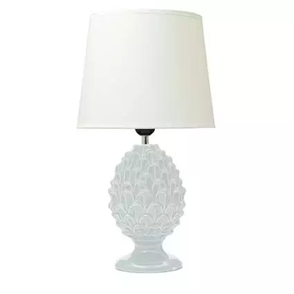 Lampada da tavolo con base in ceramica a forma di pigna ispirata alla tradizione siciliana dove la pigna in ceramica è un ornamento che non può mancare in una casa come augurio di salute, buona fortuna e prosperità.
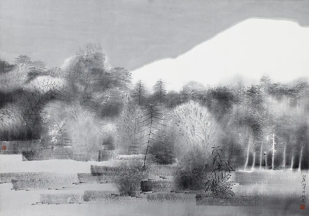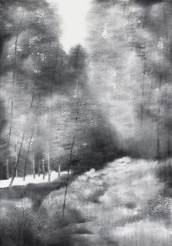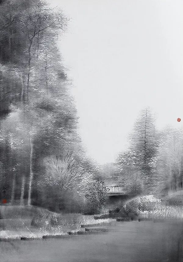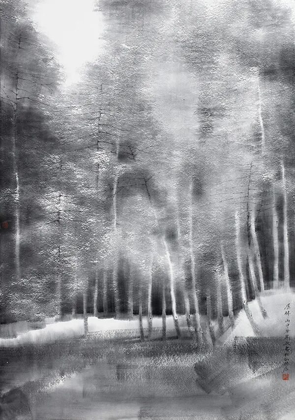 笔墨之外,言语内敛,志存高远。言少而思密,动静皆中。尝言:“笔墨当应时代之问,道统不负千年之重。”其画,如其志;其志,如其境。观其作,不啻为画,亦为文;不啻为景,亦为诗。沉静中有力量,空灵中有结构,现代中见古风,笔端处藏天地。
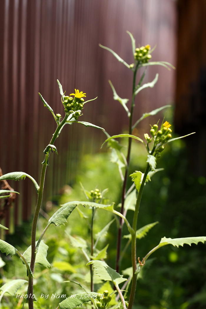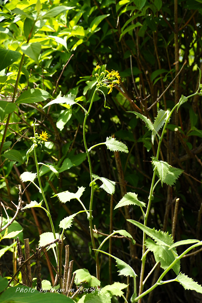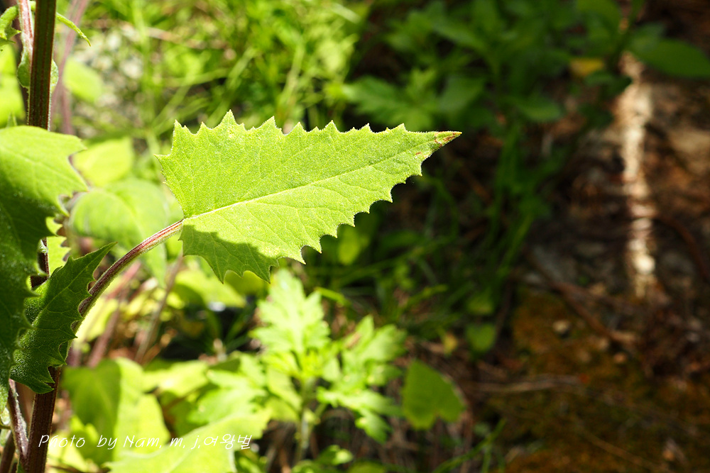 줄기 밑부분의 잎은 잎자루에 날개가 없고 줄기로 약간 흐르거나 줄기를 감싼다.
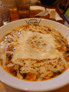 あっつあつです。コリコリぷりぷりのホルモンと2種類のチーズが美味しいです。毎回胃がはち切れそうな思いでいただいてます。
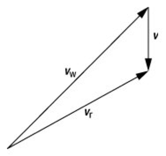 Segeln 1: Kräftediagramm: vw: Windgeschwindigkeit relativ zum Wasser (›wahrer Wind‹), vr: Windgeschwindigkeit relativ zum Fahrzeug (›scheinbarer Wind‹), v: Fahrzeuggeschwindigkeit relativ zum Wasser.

...

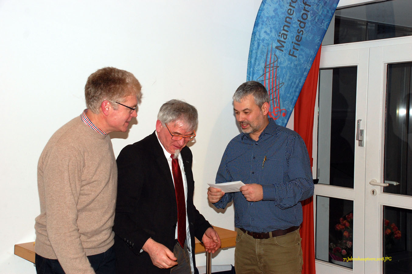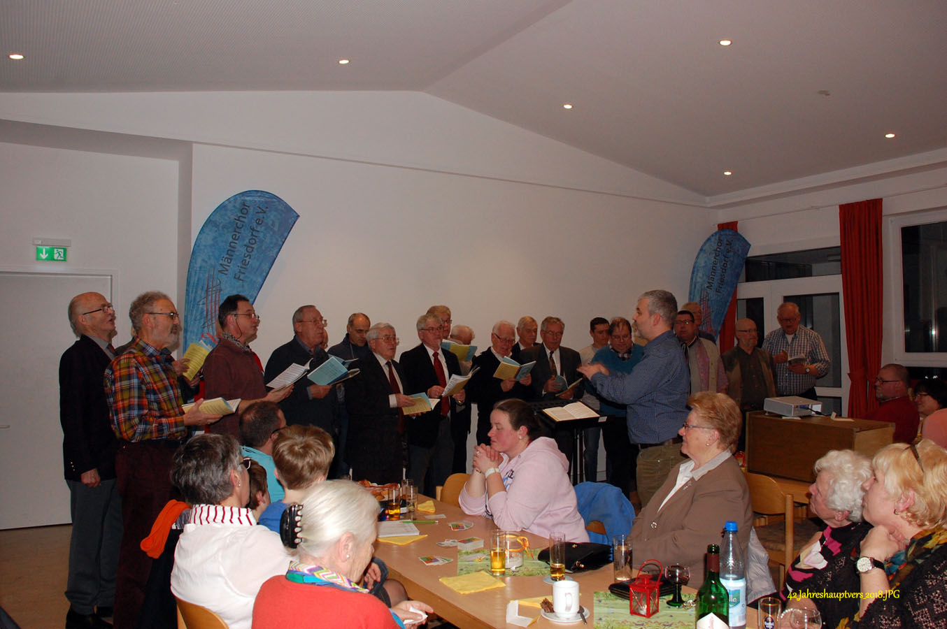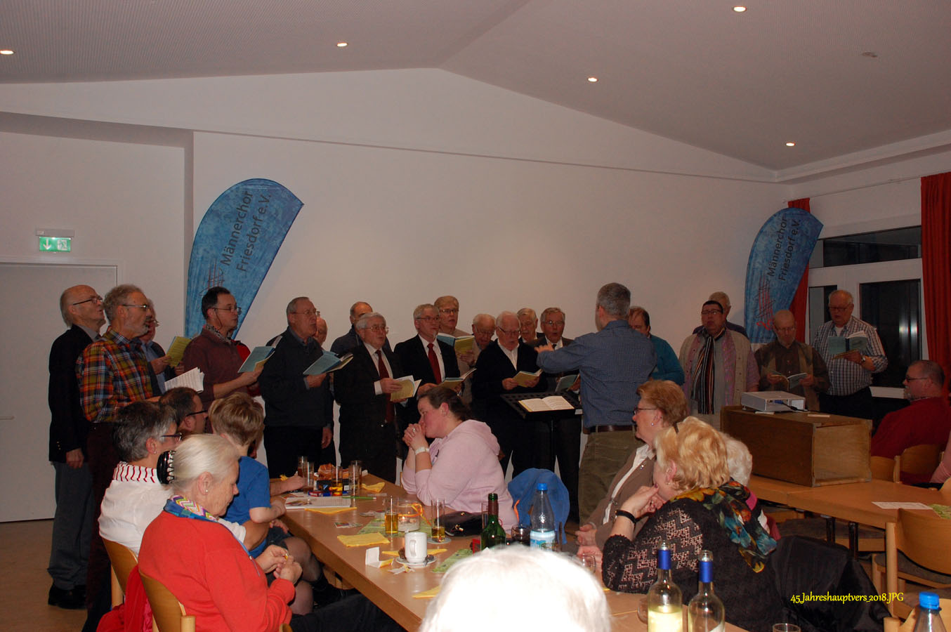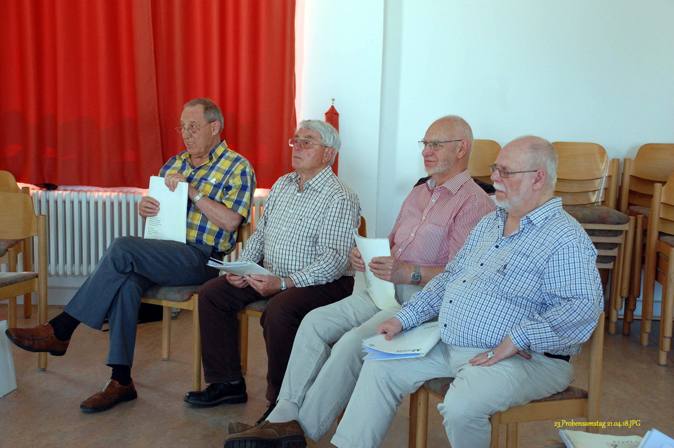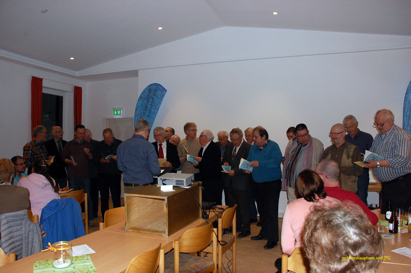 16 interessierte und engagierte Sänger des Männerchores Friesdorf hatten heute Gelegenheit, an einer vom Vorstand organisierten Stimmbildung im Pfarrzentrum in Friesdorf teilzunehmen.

--

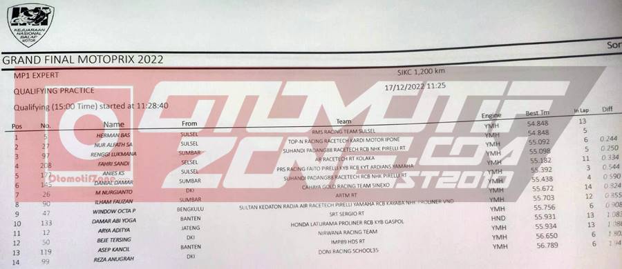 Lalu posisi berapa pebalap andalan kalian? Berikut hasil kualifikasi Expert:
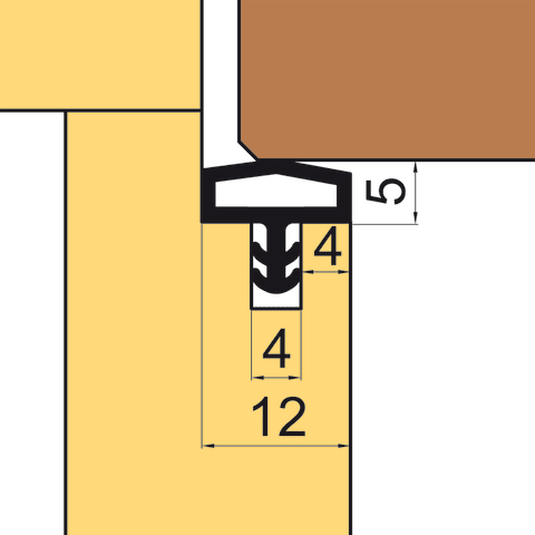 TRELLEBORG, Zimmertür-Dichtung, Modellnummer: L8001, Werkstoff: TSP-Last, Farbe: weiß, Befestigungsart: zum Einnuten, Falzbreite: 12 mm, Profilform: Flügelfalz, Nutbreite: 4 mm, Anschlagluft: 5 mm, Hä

*REQUIRED ACTION*: Using the data above, give again exactly the lines starting at the one holding "あっつあつです。コリコリぷり" and ending at the one holding "Segeln 1: Kräftediagramm: vw: Windgeschwindigkeit", inclusive, and nothing more. Omit the pictures.

*YOUR RESPONSE*:
 あっつあつです。コリコリぷりぷりのホルモンと2種類のチーズが美味しいです。毎回胃がはち切れそうな思いでいただいてます。
 Segeln 1: Kräftediagramm: vw: Windgeschwindigkeit relativ zum Wasser (›wahrer Wind‹), vr: Windgeschwindigkeit relativ zum Fahrzeug (›scheinbarer Wind‹), v: Fahrzeuggeschwindigkeit relativ zum Wasser.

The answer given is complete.